Respite for Saraki, Dogara as Court Dismisses Suit Seeking their Sack from Office over Defection  

Respite for Saraki, Dogara as Court Dismisses Suit Seeking their Sack from Office over Defection  

Alex Enumah in Abuja

Respite came the way of Senate President, Bukola Saraki, Speaker, House of Representatives, Yakubu Dogara and 56 others on Friday, as Justice Okon Abang of the Federal High Court, Abuja, struck out the suit seeking their removal from office owing to their defection last year into different political parties other than the one on which they were elected as legislators.

Justice Abang struck out the suit for being incompetent and lacking in merit on the grounds that the plaintiff had no locus standi (legal right) to institute the suit.

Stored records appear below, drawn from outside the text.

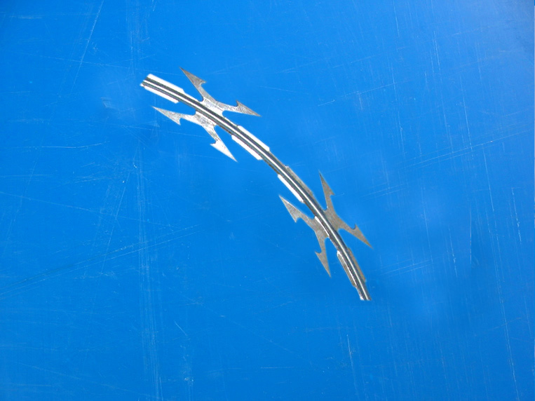 鋼絲為芯絲,將沖壓好的刀片包裹在芯絲上,一次制成。具有的防護(hù)能力和的恐嚇能力,安裝方便,壽命長(zhǎng)。它分為直線型、交叉型、直線盤繞型、交叉盤繞型和十字交叉型。
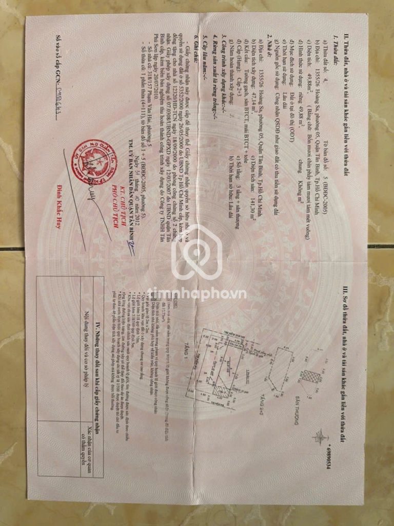 Bán nhà 1355/26 Hoàng Sa phường 2 quận Tân Bình
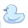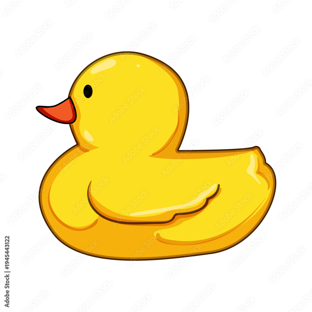 Yellow rubber duck toy with orange beak, cheerful smiling bath toy symbolizing childhood play, innocence and clean fun, isolated on white for studio or product use #1945443122
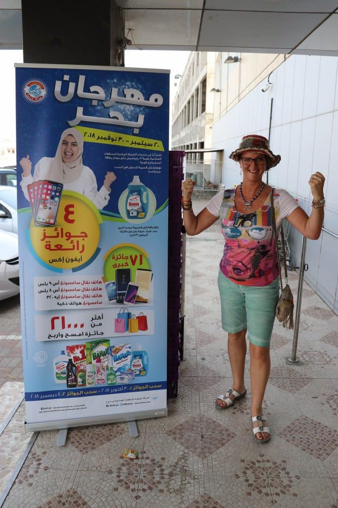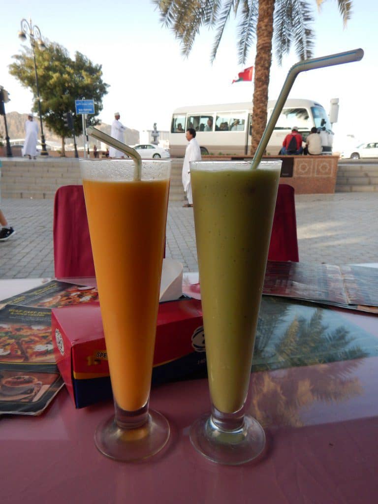 Aida (Duitse Cruise rederij) heeft vandaag een cruiseschip in de haven liggen, druk met toeristen dus in de straten van Muscat. En dus staan de straten vol met Omani om hun waren te verkopen en ook de toeristen bekijken zoals wij hun bekijken. Of deze cruise-gangers hetzelfde in Oman beleven als wij, is de grote vraag? Ook wij kijken onze ogen uit hoe sommige cruise-gangers zich gedragen, heerlijk om te zien. Onder het genot van een tweetal verse juices kunnen we alles mooi aanschouwen.
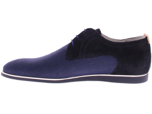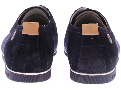 Heren veterschoen van Floris van Bommel met een sisal voorblad in blauw met een suede achterpand. De schoen heeft een blauw/wit rubber zool met leren voering. De schoen is gemaakt op de H leest. artikel code : Presli 02.35.

The Legal Defence and Assistant Project (LEDAP) had approached the court with a suit seeking to declare the seat of the affected national lawmakers vacant over their defection to the two major political parties in 2018.

Delivering judgment yesterday in the suit filed by LEDAP, Abang held that although the plaintiff had a very good case against the defendants, however its lack of locus standi in the matter robbed the court of necessary jurisdiction to deal on the main issue.

The court agreed with counsel to Saraki and others, Mahmoud Magaji, SAN, that the advocacy body that filed the suit was not competent by law to do so.

“I am persuaded to hold that though the plaintiff has a good case, promoting the rule of law, regulating the unlawful defection of legislators amongst others, the plaintiff has no locus standi to institute the suit,” Abang held.

According to Abang, the plaintiff lacked the right to institute the suit because it is not a political party, it is not INEC that monitor and regulates political party, neither is it a member of the constituencies of the defectors nor a registered political party.

Moreso, the court held that the plaintiff did not place anything before it to show that the constituencies are aware of the suit or that it has a special interest far above that of the general public.

Abang further held that the plaintiff in filing the suit failed to involve necessary parties, such as the political parties of the defectors. Based on the forgoing, Justice Abang said, “I have no jurisdiction to determine the case on its merit because the plaintiff though has a good case but lacks locus standi in the case of the 1st, 2nd, 4th to 58th defenfants, the plaintiff case is incompetent, it is struck out.”

He added that to worsen the plaintiff case, it did not obtain the fiat of the Attorney General of the Federation that would conferred power on them to institute the legal action.

Abang held that because the plaintiff lacked locus standi, the court cannot invoke section 68 of the 1999 Constitution against the defectors and declare their seats vacant.

Earlier, while reviewing the submissions of lawyers in the matter, Justice Abang agreed with the plaintiff’s lawyer that the defectors violated the Constitution and ought to have vacated their seats, since there was no division of a kind that can warrant their defection.

Meanwhile, in the matter of Senator Godswill Akpabio, the 3rd defendant, the court held that the matter is subjudice because he ought not to have been joined in the first instance. According to him, the Senator representing Akwa Ibom North West in the National Assembly unlike the others did not defect but moved to another party after he was expelled from the PDP.

He held that haven been expelled from the PDP, he has right to join any political party of his choice in order to continue the good work he is doing for his constituencies.